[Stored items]
◆ ◆ ◆ ◆ ◆ ◆ ◆

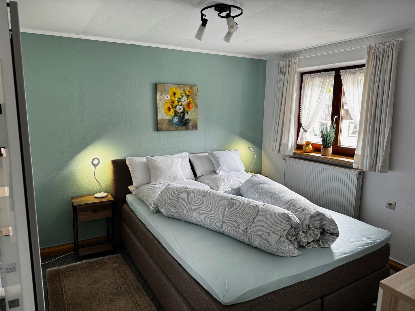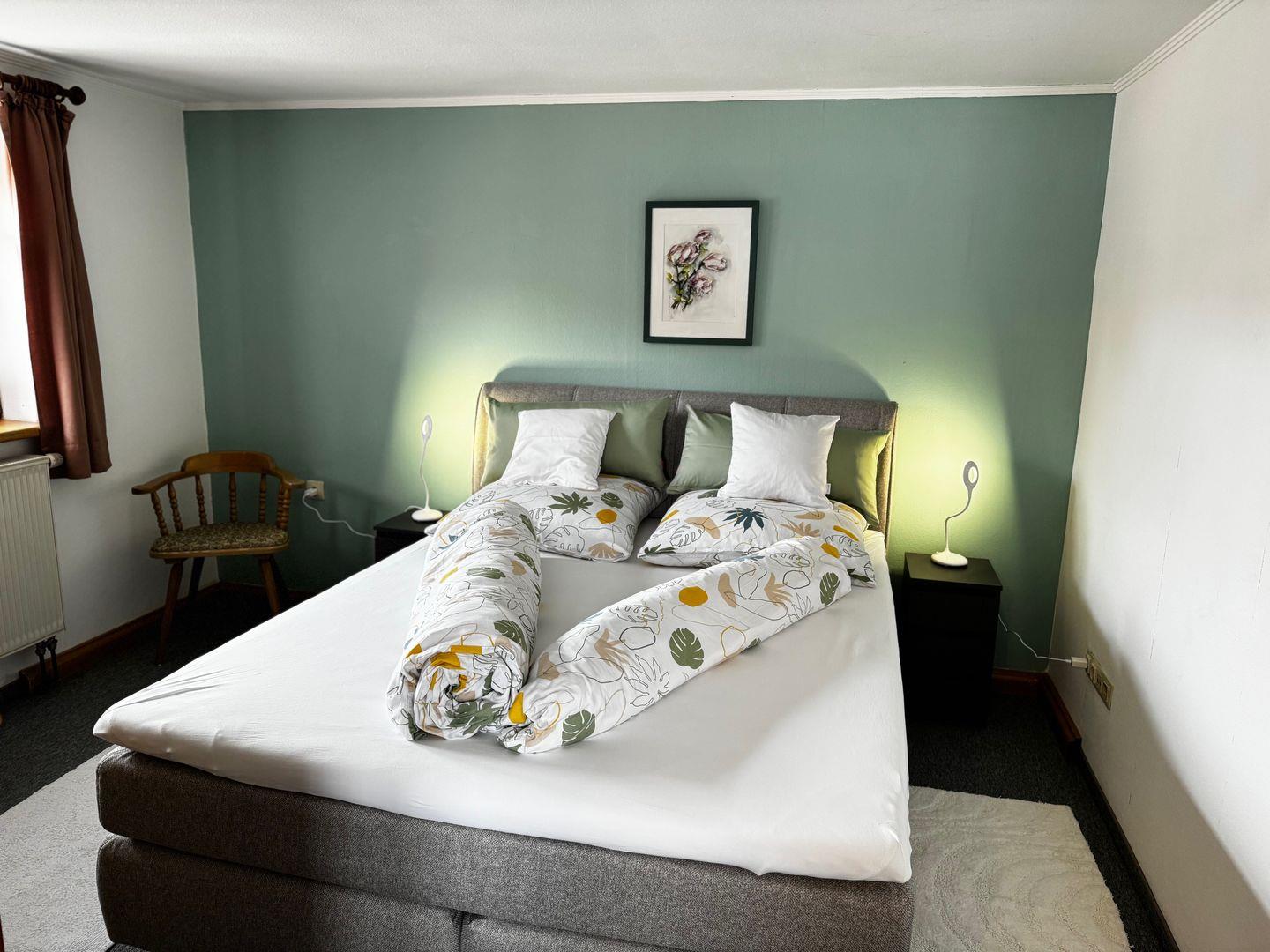 Das Haus "Linde" ist gemütlich eingerichtet und bietet auf zwei Etagen Platz für bis zu 4 Personen. Die Schlafräume mit Boxspringbetten, ein großes Bad, sowie die seperate Toilette liegen im 1. OG. Unten sind Wohn- und Essbereich, sowie ein kleiner Balkon. Das Haus hat einen eigenen Eingang, einen Parkplatz und verfügt über kostenfreies WLAN.
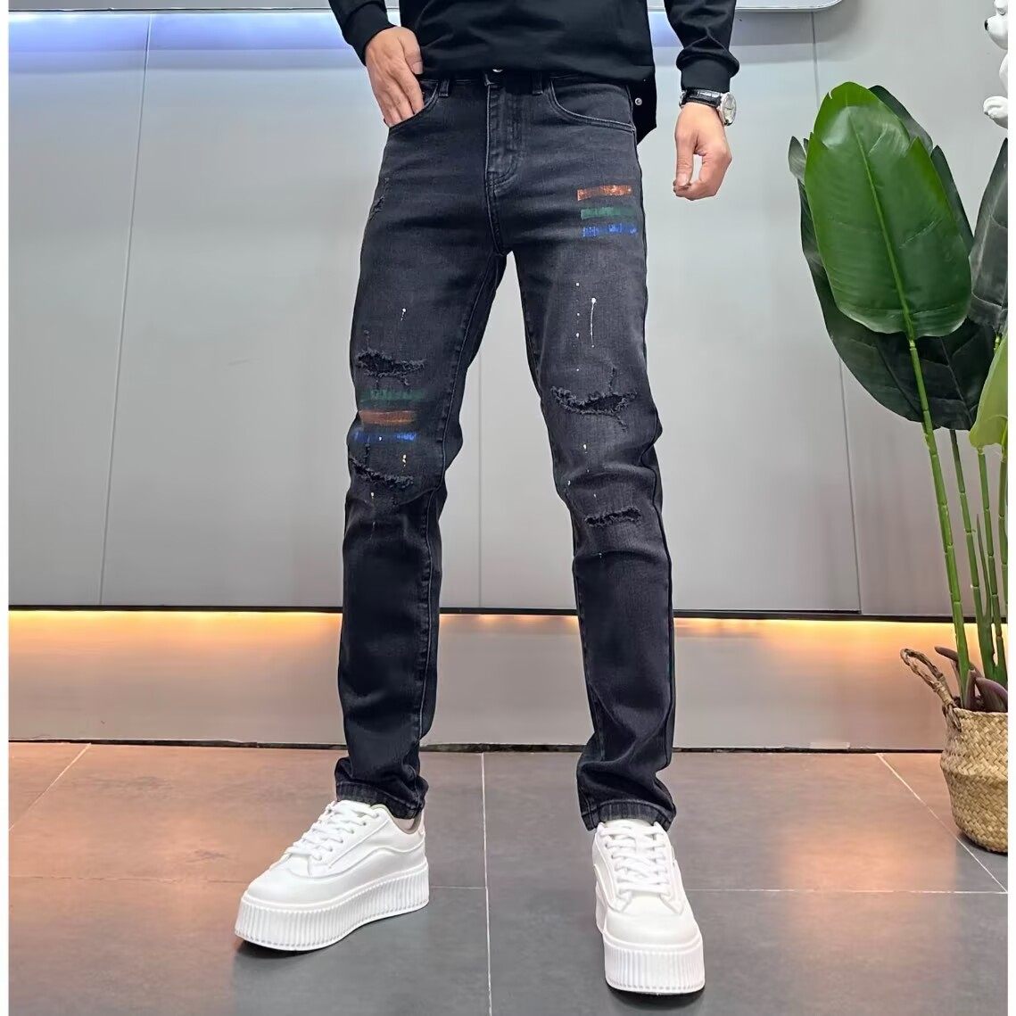 高端彩色印花牛仔裤男修身小脚2025秋冬季新款加绒保暖弹力休闲裤
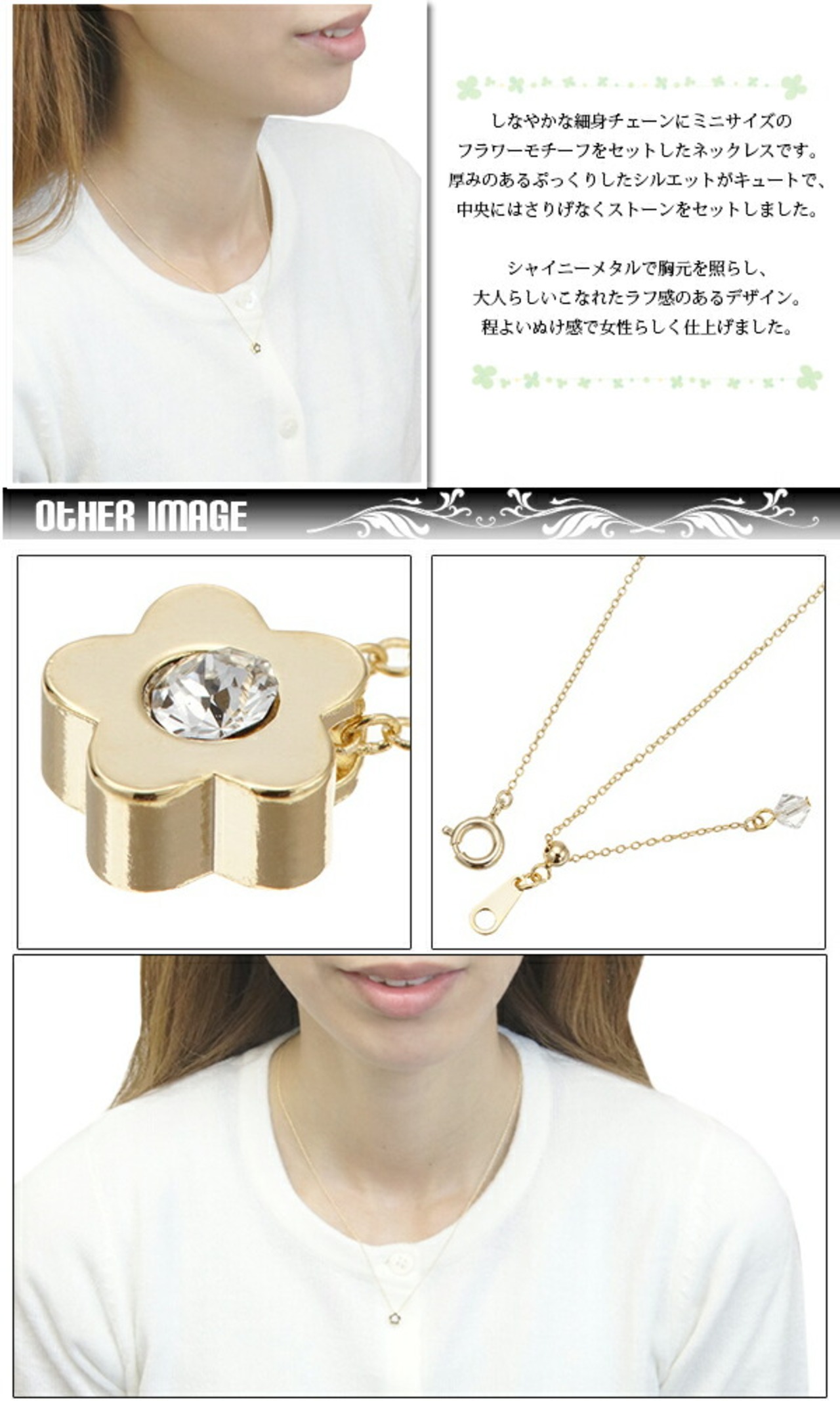 ネックレス ペンダント レディース ニッケルフリー 日本製 フラワー お花 中央にストーン ミニモチーフ 長さ調節可能 スライドビーズ あずきチェーン メール便 送料無料 秋冬 大人気
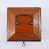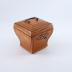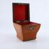Sarcofage-shaped wooden scent box decorated on all sides with a rectilinear pattern made with cut steel nails. The lock is drilled in a small mother-of-pearl plate which can be closed with a key typical of Madame Irlande's fancy shop and decorated around it with an arabesque motif. The (empty) interior is lined with red velvet and once contained four porcelain or crystal vials.
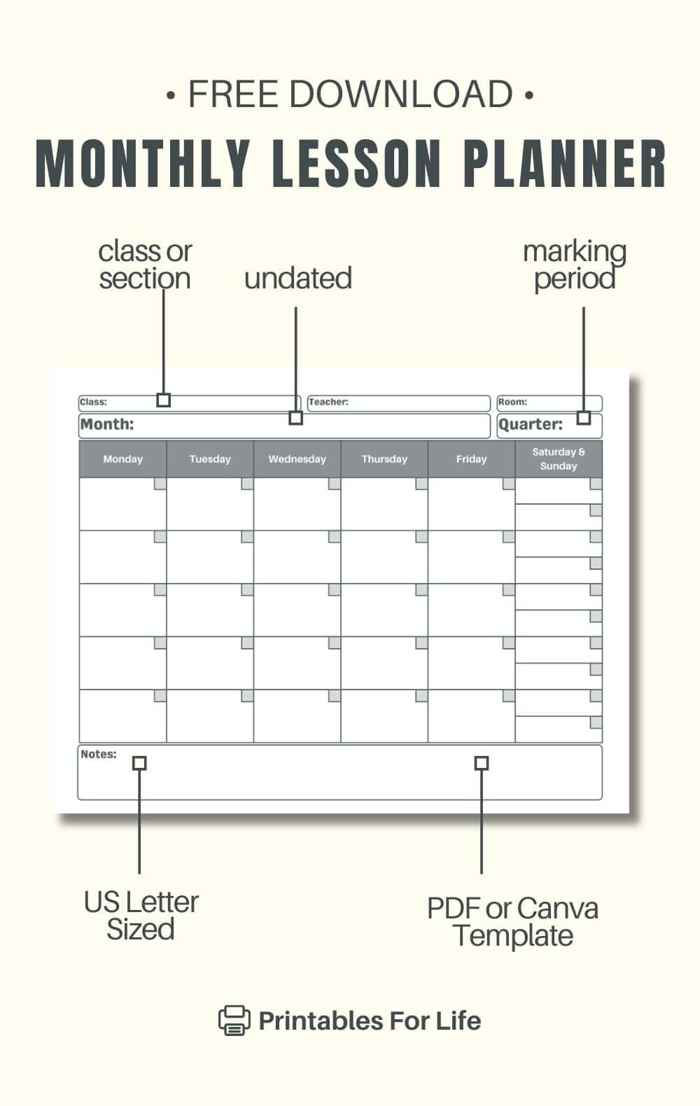 Don’t let lesson planning overwhelm you. Take advantage of our Free Printable Monthly Lesson Plan Template and streamline your teaching process. Download it today and see the difference it can make in your classroom!

◆ ◆ ◆ ◆ ◆ ◆ ◆

### To do:
All of the entries above need to be repeated exactly, minus the pictures.

### Exercise result:
 Das Haus "Linde" ist gemütlich eingerichtet und bietet auf zwei Etagen Platz für bis zu 4 Personen. Die Schlafräume mit Boxspringbetten, ein großes Bad, sowie die seperate Toilette liegen im 1. OG. Unten sind Wohn- und Essbereich, sowie ein kleiner Balkon. Das Haus hat einen eigenen Eingang, einen Parkplatz und verfügt über kostenfreies WLAN.
 高端彩色印花牛仔裤男修身小脚2025秋冬季新款加绒保暖弹力休闲裤
 ネックレス ペンダント レディース ニッケルフリー 日本製 フラワー お花 中央にストーン ミニモチーフ 長さ調節可能 スライドビーズ あずきチェーン メール便 送料無料 秋冬 大人気
Sarcofage-shaped wooden scent box decorated on all sides with a rectilinear pattern made with cut steel nails. The lock is drilled in a small mother-of-pearl plate which can be closed with a key typical of Madame Irlande's fancy shop and decorated around it with an arabesque motif. The (empty) interior is lined with red velvet and once contained four porcelain or crystal vials.
 Don’t let lesson planning overwhelm you. Take advantage of our Free Printable Monthly Lesson Plan Template and streamline your teaching process. Download it today and see the difference it can make in your classroom!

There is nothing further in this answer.